Pros and cons of IKEv2
- + IKEv2 is very fast
- + fairly strong encryption
- + can recover lost connections
- + IKEv2 is simple to use
- – can be blocked quite easily by firewalls
- – possibly cracked by the NSA
- – insecure when using a weak password
- – less supported protocol compared to OpenVPN and L2TP/IPSec
Wireguard is a new tentative experimental VPN protocol written by Jason A. Donenfeld. The protocol is still under development. Nevertheless, various VPN providers offer this protocol. The protocol distinguishes itself by a much smaller amount of code compared to its competitors.
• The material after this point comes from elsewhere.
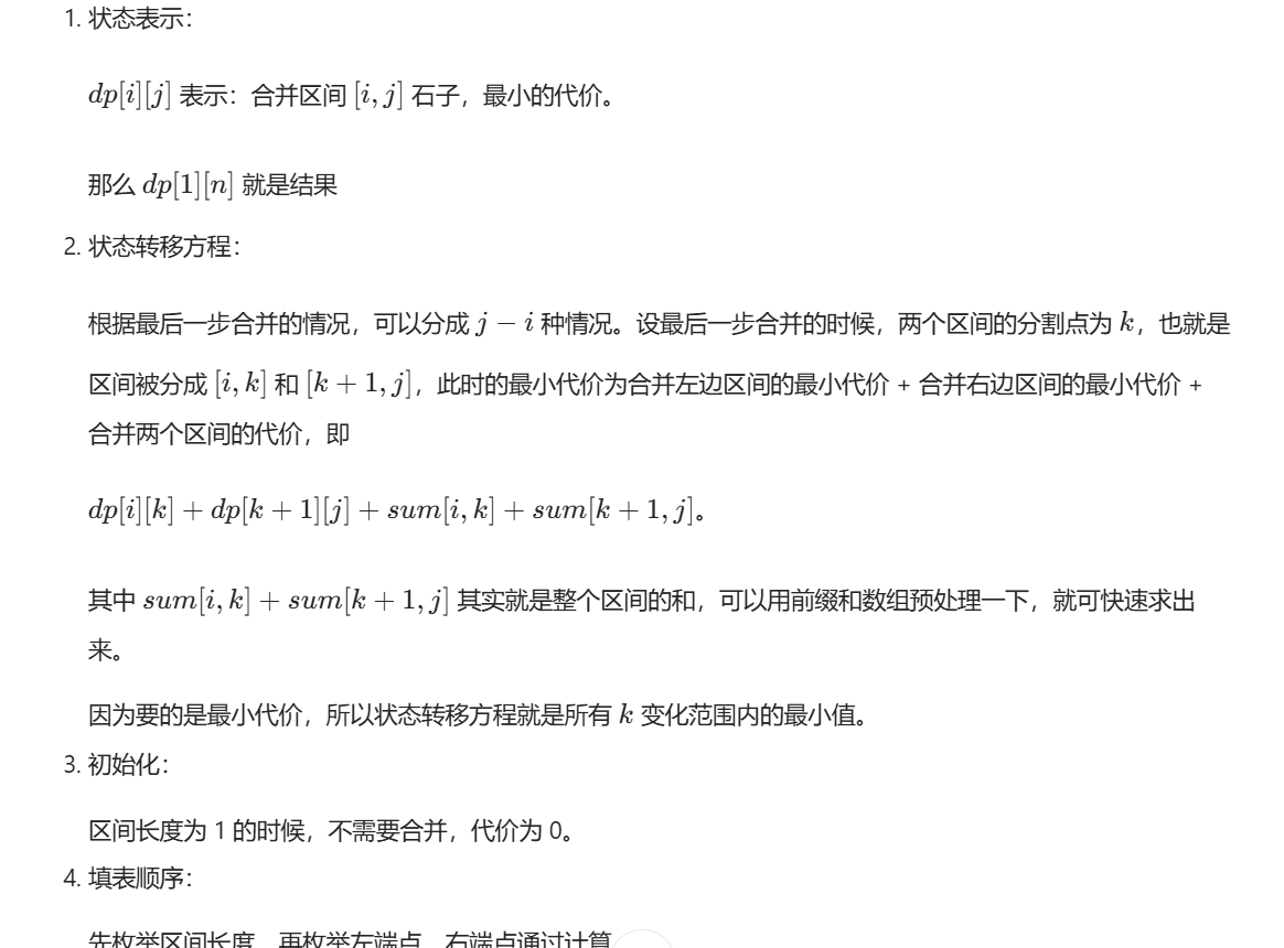int t = sum[j] - sum[i - 1]; // 算[i,j]石子总质量(最后一步合并的代价)

- This makes the protocol and its security easier to evaluate (audit) and, in combination with the code itself, should make for a simpler, faster, more efficient and easier to use VPN protocol.
However, because this protocol is still under development, the developers and most VPN providers recommend using it only for experimental purposes or when privacy is not absolutely necessary (for now). Furthermore, it is important to note that the current version of Wireguard only works with static IP addresses. According to many IT authorities, this means that using Wireguard is not compatible with a no-logging VPN policy.
Pros and cons of Wireguard
- + Wireguard is very fast in theory and according to benchmarks on its own website
- + The small amount of code means the protocol is easier to audit
- – Most VPN providers do not (yet) support this protocol.
- – Wireguard uses static IP addresses and is therefore not compatible with a no-logging policy.
It is important to choose the right VPN protocol. Each VPN protocol has its own advantages and disadvantages. In most cases, OpenVPN is the best choice. PPTP is almost never a good idea to use because of its weak encryption. If OpenVPN is not supported or does not work properly, L2TP/IPSec or IKEv2 can be considered.